Last updated: February 2026 6 min read
Quick Answer

Table of Contents

  1. Install YamlDotNet
  2. Convert YAML to JSON — Typed Class
  3. Convert Dynamic YAML — No Typed Class
  4. Using Newtonsoft.Json Instead of System.Text.Json
  5. Read a YAML File and Write JSON
  6. Frequently Asked Questions

Converting YAML to JSON in C# requires one NuGet package: YamlDotNet. .NET's standard library does not include a YAML parser. Once YamlDotNet is installed, the pattern is: deserialize YAML into a C# object, then serialize that object to JSON with System.Text.Json (built-in to .NET 6+) or Newtonsoft.Json.

Install YamlDotNet

Add the package to your project:

dotnet add package YamlDotNet

Or via the Package Manager Console:

Install-Package YamlDotNet

YamlDotNet supports YAML 1.1 and 1.2 and works on .NET 6, 7, 8, and .NET Standard 2.0/2.1. It is the dominant YAML library for .NET with tens of millions of downloads.

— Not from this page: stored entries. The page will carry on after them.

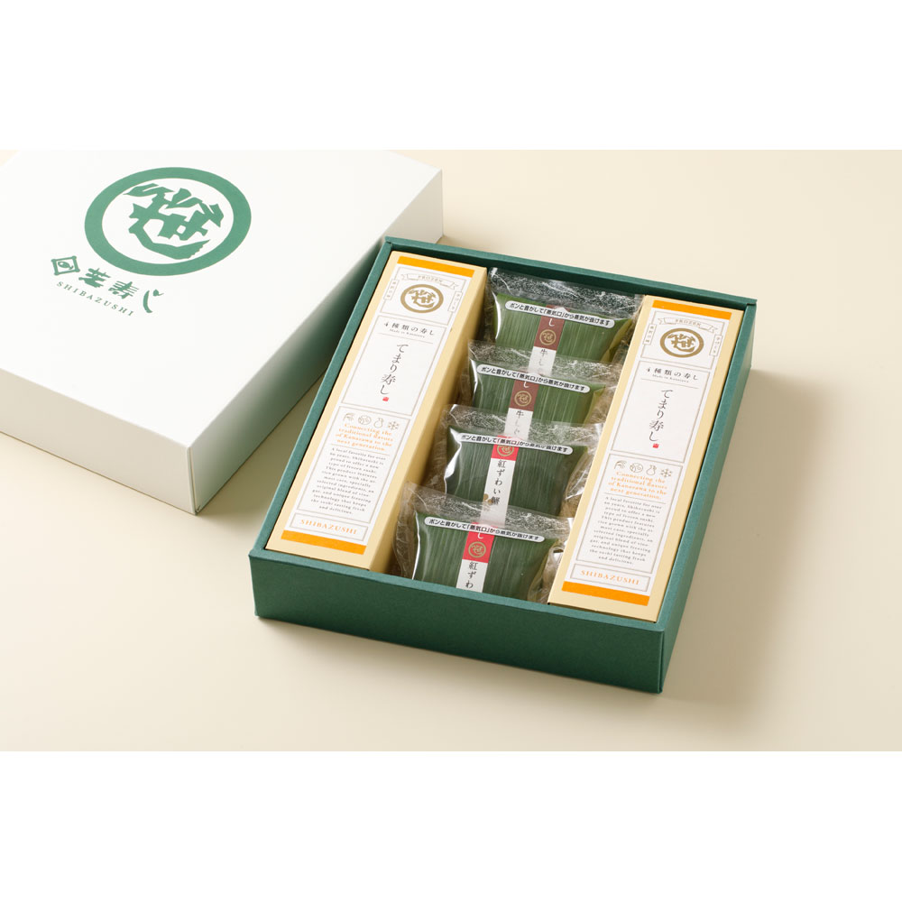 一口サイズの手まり寿しと、温めて美味しい笹蒸寿しのセットを、金沢の名店「芝寿し」から。
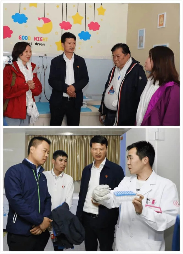 義診期間,中共中央統(tǒng)戰(zhàn)部七局處長(zhǎng)郭鵬與“同心共鑄中國心”駐西藏秘書長(zhǎng)趙士磊來到了阜康婦產(chǎn)兒童醫(yī)院詳細(xì)查看了正在井然有序進(jìn)行的義診現(xiàn)場(chǎng),在王斌董事長(zhǎng)陪同下參觀阜康婦產(chǎn)兒童醫(yī)院院區(qū),聽取并查看了我院人類輔助生殖醫(yī)學(xué)中心等特色科室的開展情況。
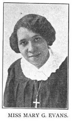 Mary G. Evans (January 13, 1891 – April 12, 1966) was an American Christian minister. Evans is most known for serving as the pastor of Chicago's Cosmopolitan Community Church for 34 years, from 1932 until her death in 1966. She was the first woman to receive a Doctor of Divinity degree from Wilberforce University.[1]
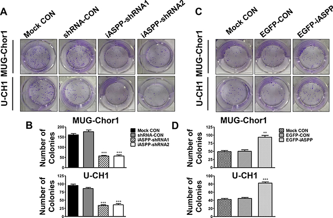 Figure 4: Effect of iASPP knockdown and overexpression on colony formation. (A) Pictures of colony formation assay in MUG-Chor1 and U-CH1 cells after the iASPP knockdown with iASPP-shRNAs. (B) The number of colonies in both cells after the iASPP knockdown with iASPP-shRNAs. (C) Pictures of colony formation assay in MUG-Chor1 and U-CH1 cells after the iASPP overexpression with EGFP-iASPP. (D) The number of colonies in both cells after the iASPP overexpression with EGFP-iASPP. n = 3. Mean ± SEM. **p < 0.01, ***p < 0.001, iASPP-shRNA1 group or iASPP-shRNA2 group vs. shRNA-CON group, and EGFP-iASPP group vs. EGFP-CON group. CON: control.
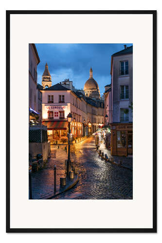 Posterlounge   Wandbilder   Fotografie   Jan Christopher Becke   Gerahmter Kunstdruck Straßencafes in Montmartre mit Sacré-Coeur, Paris
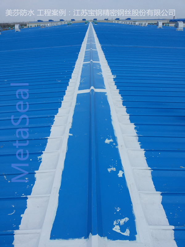 位于南通市海門(mén)開(kāi)發(fā)區(qū),由上海十三冶承建的江蘇寶鋼精密鋼絲有限公司,新建的鋼結(jié)構(gòu)標(biāo)準(zhǔn)廠房,總建筑面積44000平方米。項(xiàng)目驗(yàn)收前期,屋面發(fā)現(xiàn)較多滲漏水點(diǎn),安裝公司用硅膠進(jìn)行修補(bǔ),可沒(méi)過(guò)2個(gè)月就發(fā)現(xiàn)了很多新老漏點(diǎn)。經(jīng)總工程師推薦,使用美莎金屬屋面防水體系,對(duì)于易滲漏水點(diǎn)較多的屋脊、通風(fēng)器基座、排風(fēng)設(shè)備基座、泛水收邊、伸縮縫等處,系統(tǒng)地防水維護(hù),效果明顯。至今好幾年了,客戶(hù)反饋良好。
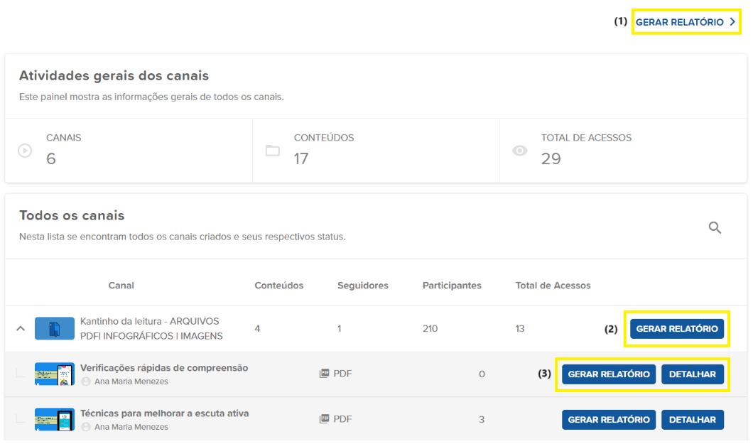 Na aba de Canais você terá acesso ao "Gerar Relatório" geral, "Atividades gerais dos canais", ao "Gerar Relatório" de um canal ou de um conteúdo específico e ver "Detalhes" sobre um conteúdo.
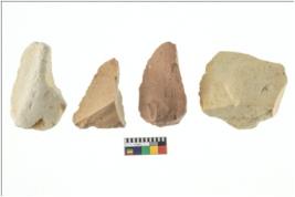 | Description / विवरण | Four worked utilised flakes. Most of them are uneven with sharp edges. |
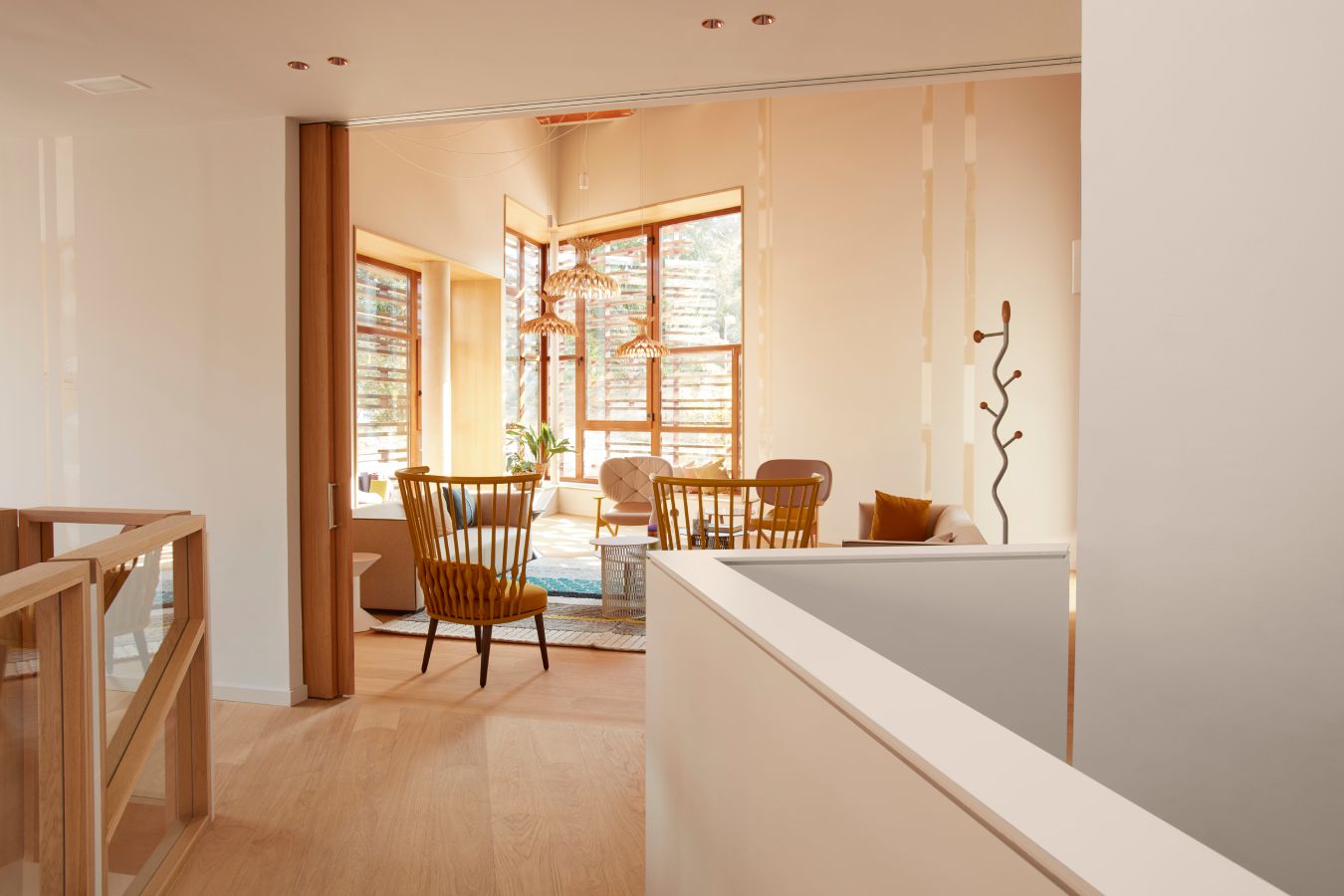 The bathroom on the first-floor features Roca fixtures selected from the Access and Victoria Pro collections, and were chosen for their ergonomic, versatile and sophisticated solutions. Among the fixtures featured are a folding grab bar with built-in toilet roll holder, the Victoria Pro faucet with a specially crafted handle for individuals with reduced mobility, and the Access wall-hung basin.
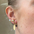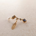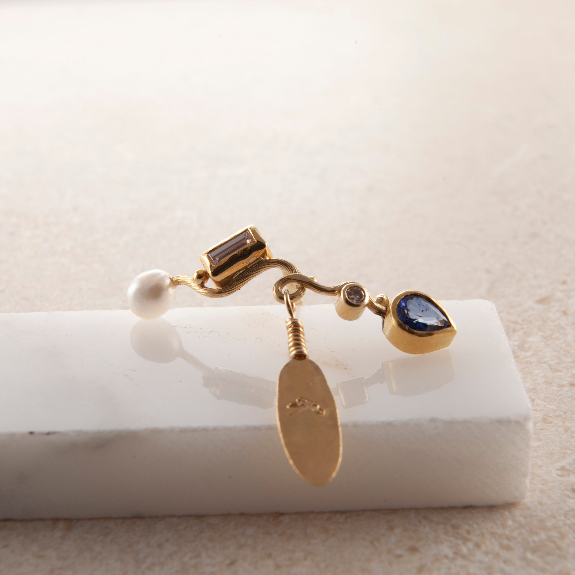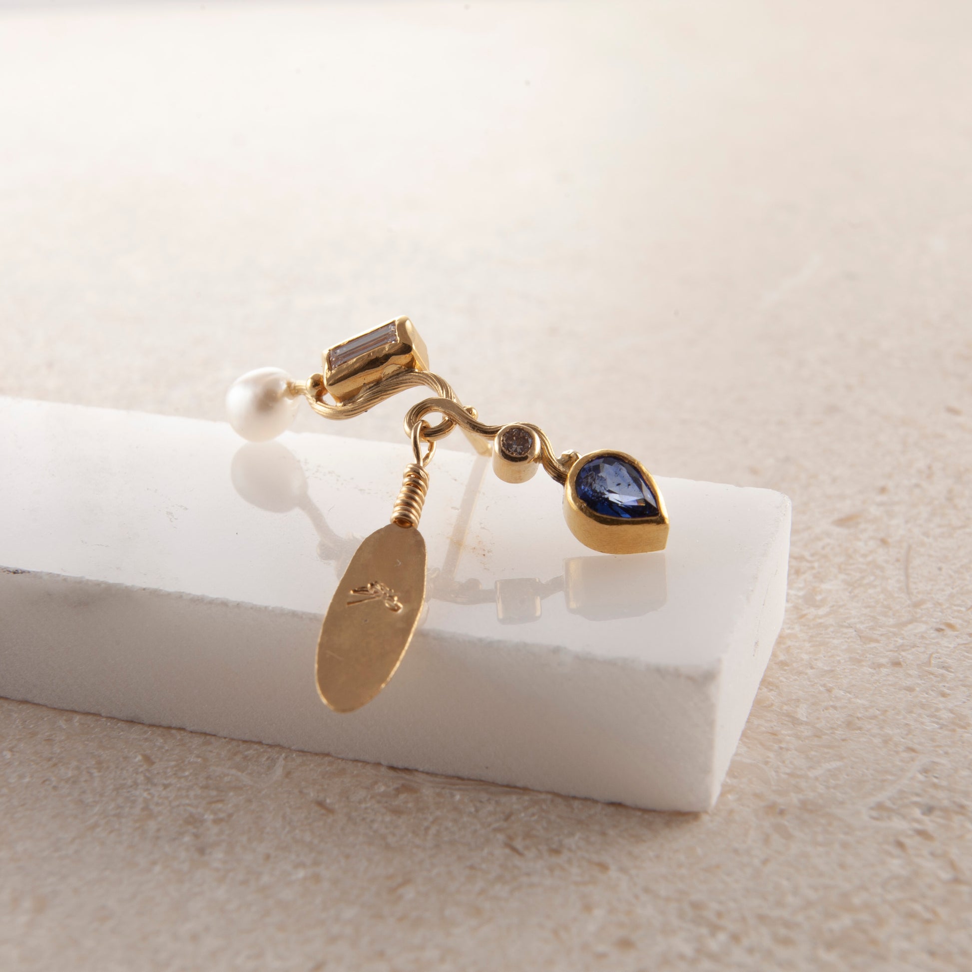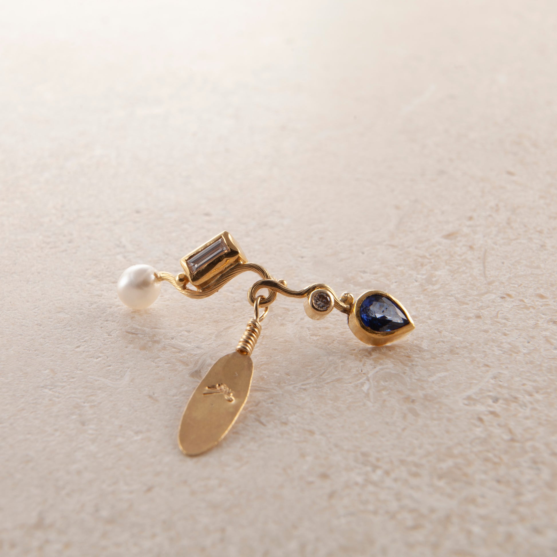 Gems: Blue pear shaped sapphire, 0.14 ct. baguette diamond, 0.04 ct. champagne brilliant cut diamond, keshi pearl

Approach 1 — Deserialize to a Typed Class (Recommended)

When you know the YAML schema, define a C# class and deserialize directly into it. Then serialize to JSON.

using System;
using System.Text.Json;
using YamlDotNet.Serialization;
using YamlDotNet.Serialization.NamingConventions;

// Define your config shape
public class ServerConfig
{
    public string Host { get; set; }
    public int Port { get; set; }
    public bool Debug { get; set; }
}

class Program
{
    static void Main()
    {
        var yaml = @"
host: localhost
port: 8080
debug: false
";
        var deserializer = new DeserializerBuilder()
            .WithNamingConvention(CamelCaseNamingConvention.Instance)
            .Build();

        var config = deserializer.Deserialize<ServerConfig>(yaml);

        var json = JsonSerializer.Serialize(config, new JsonSerializerOptions
        {
            WriteIndented = true
        });

        Console.WriteLine(json);
    }
}

Output:

{
  "Host": "localhost",
  "Port": 8080,
  "Debug": false
}

Add [JsonPropertyName("host")] attributes to control output key casing, or configure JsonSerializerOptions.PropertyNamingPolicy.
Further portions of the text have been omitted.